In April we said “The Market is Telling Us The Trade War Threat is Real.” The evidence of this was the outperformance of small-cap U.S. stocks versus large caps.
Small-cap stocks are more “domestic” and rely less on international revenues for profits. Large caps are more international, which means their business is hurt more by tariffs or potential trade war.
When small caps started outperforming large caps this late in the business cycle, we knew something strange was happening. Trade war fears were giving an edge to domestic small caps.
The super-strong U.S. dollar is also a factor. We explained two years ago why weakness in the dollar was probably a bear trap. The dollar’s weakness in 2018 was another bear trap.
After starting off the year in bear mode, the dollar aggressively surged, breaking a downtrend line that was in place for more than year. This is also good for small caps (and not so great for large caps).
A rapidly strengthening dollar is good for small caps because of their domestic profits orientation. Small- cap stocks are not hurt by a strong dollar and may even benefit from lowered import costs.
Large-cap stocks, on the other hand, tend to see their profit outlooks fall when the dollar rises strongly. And large-cap stocks, because they are more international, feel more pain when there is a growth slowdown in the rest of the world.
That is exactly what is happening now. Investors are starting to worry about economic growth trends in Europe and various emerging markets. They are nervous about the possibility of slowdown, or even the possible return of a debt crisis.
Meanwhile the global economy is showing signs of softening, but the U.S. economy is not. The U.S. dollar is rising, and U.S. interest rates are rising because America’s economy is so strong. For example:
- U.S. home values are rising at their fastest pace in twelve years, with Zillow reporting year-on-year gains in all 50 states.
Freight costs are surging, and the U.S. is experiencing a shortage of truckers, due to a U.S. transportation boom.
The number of Americans on unemployment benefits is the lowest since 1973.
Factory workers are seeing faster wage growth.
U.S. consumer sentiment is at its strongest in 14 years.
All of this strong economic activity has investors convinced that interest rates will be going up, which is making them bullish on the U.S. dollar.
Rising interest rates in the U.S. aren’t good news for the rest of the world, though, because a stronger dollar and higher rates add pressure to countries whose economies aren’t as strong as America’s.
Rising interest rates have also sent home mortgage rates to seven-year highs. That is bullish news for regional banks (who we talked about last month) via higher profits on lending spreads.
Again, the weakness in the rest of the world (and fears of trade war) are a growing concern with the U.S. dollar rising. That is why the large-cap-dominated Dow and S&P 500 indices are still well off their highs, but the S&P 600 Small Cap Index is at new all-time highs (as the chart shows below).

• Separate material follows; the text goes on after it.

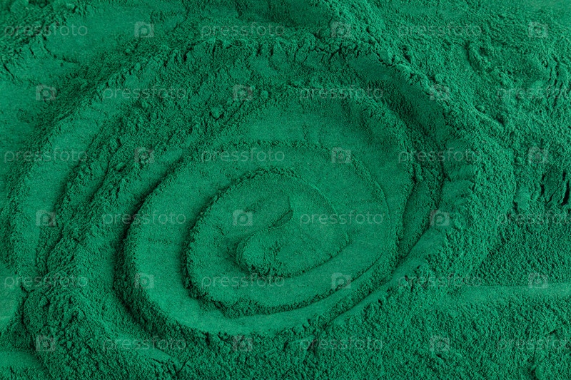 Красивый абстрактный фон натурального порошка спирулины. Мягкие волнистые линии зеленого цвета природного порошка водорослей. пищевая добавка. детокс
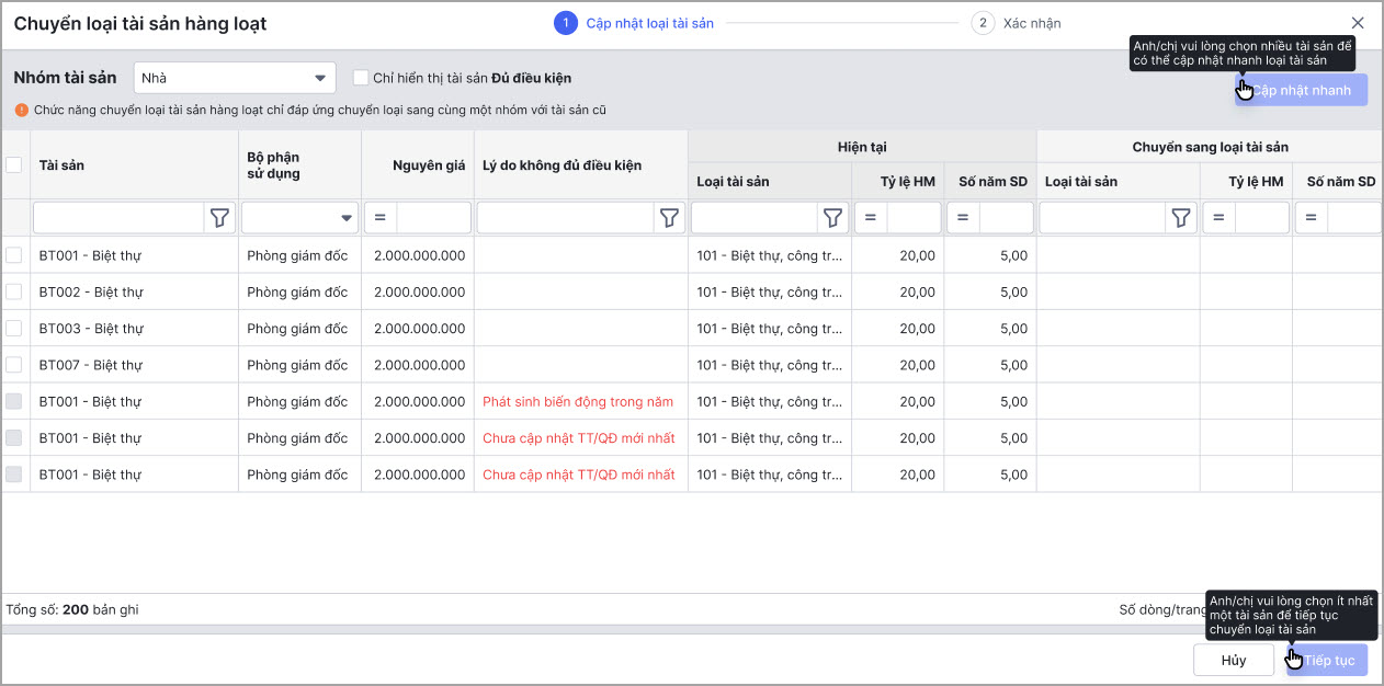 - Cách 2: Hoặc tích chọn nhiều tài sản để cập nhật nhanh loại tài sản

As another vivid illustration of investor sentiment, take a look at the top ten holdings of the S&P 600 Small Cap Index. You might notice something: They are all green.
There are real concerns for the health of the overall market right now. With that said, it’s clear small caps are the winners in this environment.
The U.S. domestic economy is humming and almost on the verge of running hot. Domestic-oriented names are better positioned to avoid trade war fallout. And the rising U.S. dollar is bad news for international profit outlooks, but not for local ones.
All of that combined is driving the outperformance of small caps.